MoE layer architecture: input token passes through router, which dispatches to one of several expert FFNs, outputs are combined Source: Grootendorst (2024), A Visual Guide to Mixture of Experts. The MoE layer embedded inside a Transformer block: a router examines each input token and dispatches it to a selected subset of expert FFNs; only those experts perform computation, and their outputs are aggregated to produce the layer’s output.

Dense decoder block vs sparse MoE decoder block: the single FFNN is replaced by multiple expert FFNNs Source: Grootendorst (2024), A Visual Guide to Mixture of Experts. A dense Transformer decoder block (left) uses a single FFNN sublayer; a sparse MoE decoder block (right) replaces it with multiple parallel expert FFNNs, only a subset of which are activated per token.

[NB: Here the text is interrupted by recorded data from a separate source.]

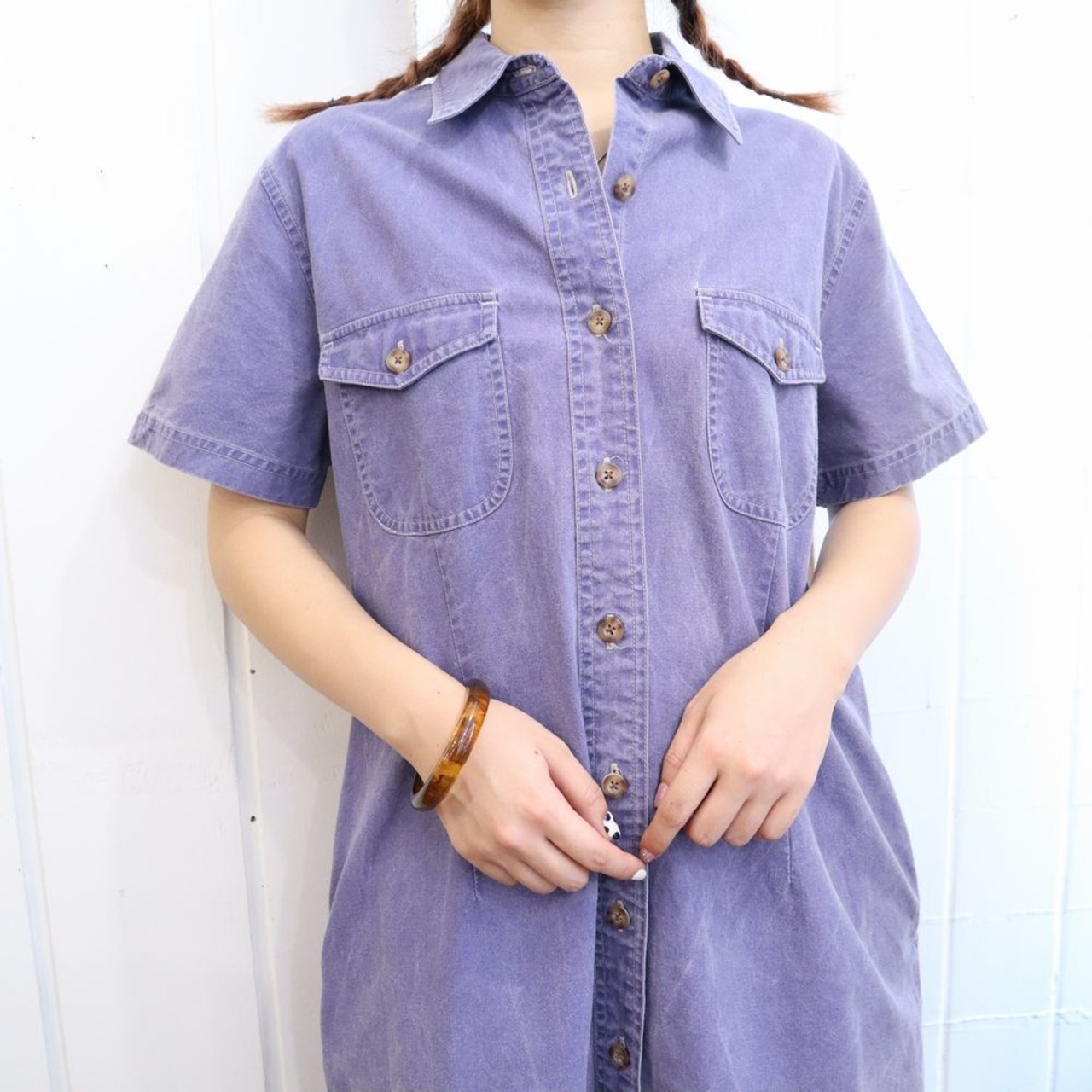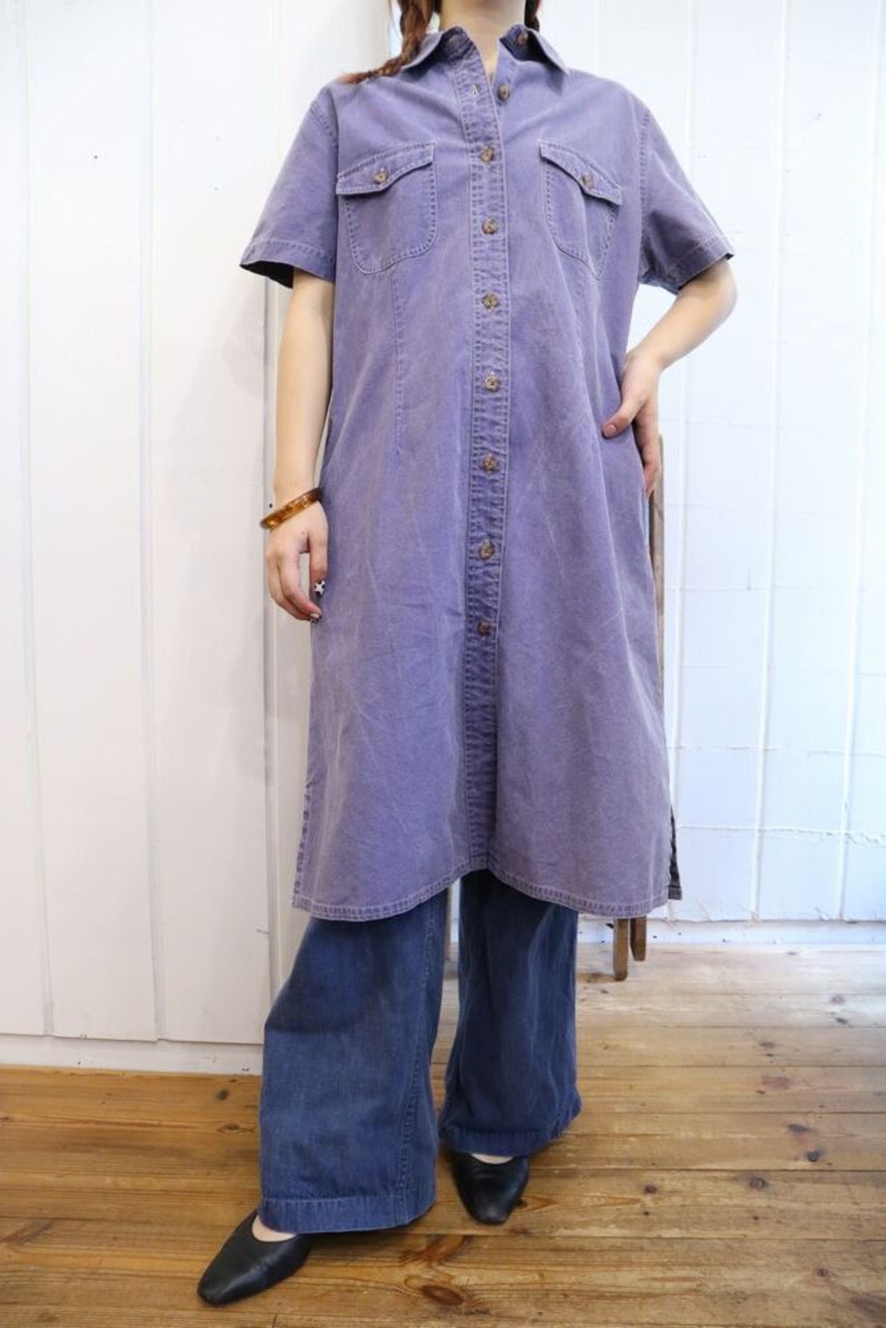 70-80s purple plain short sleeve cotton dress [l-1032]
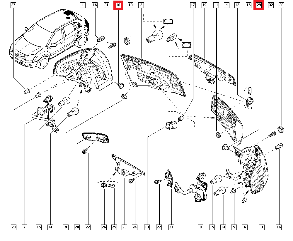 Página inicial | Koleos / QM5 (2008) | Iluminação | 0155309611 - Clip iluminação farolins trás
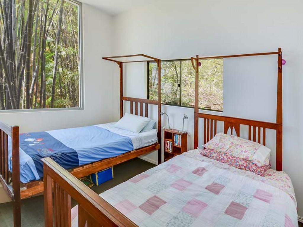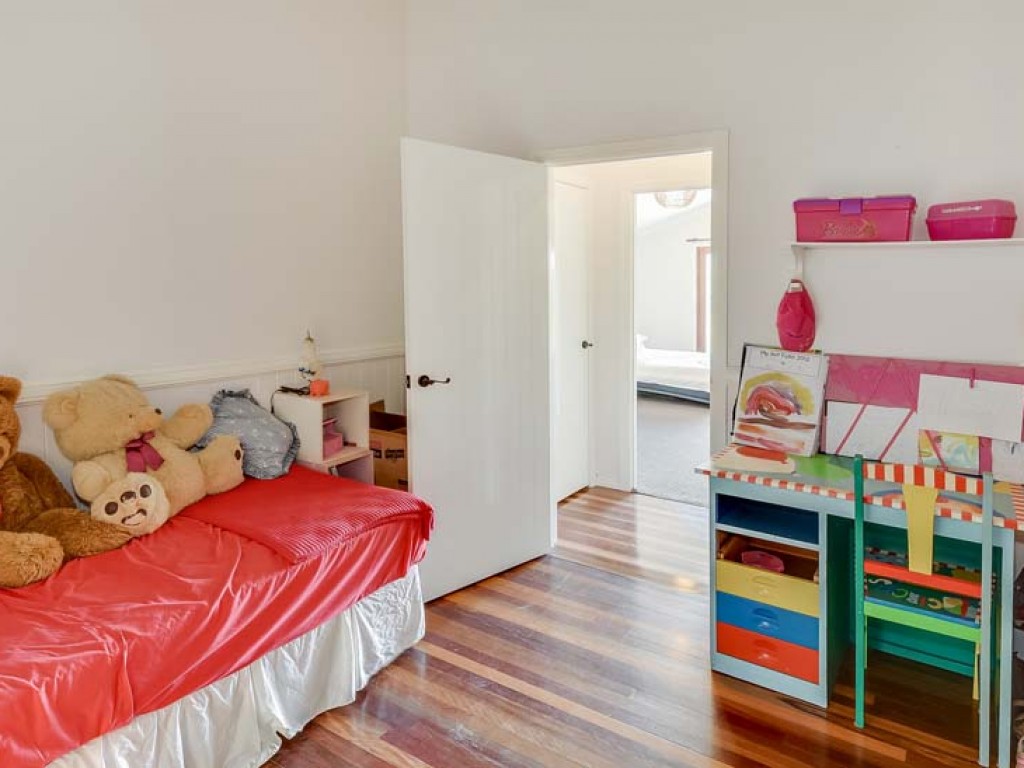 The “new “effectively doubles the size of the house and gives 4 extra-large bedrooms – two up and two down. The main bedroom is very spacious 5.2m x 6 m and leads out onto another verandah which overlooks the valley below. Ensuite has a shower, vanity basin and walk in robe. Adjacent to the main bedroom is another smaller bedroom, but still a spacious 5m x 3.5m that also leads out onto the verandah. Access to downstairs is via an internal timber staircase to almost identical bedrooms as above. Provision has been made for a toilet to be installed between the rooms.

Conditional Computation as a Principle

The broader principle underlying MoE is conditional computation: the idea that not every part of a network should be activated for every input. Bengio et al. (2013) articulated this formally as a research agenda: the computational graph of a neural network need not be fully traversed for each example; different inputs should trigger different subgraphs. MoE instantiates this principle at the layer level, where the “subgraph” is a single expert’s feed-forward network.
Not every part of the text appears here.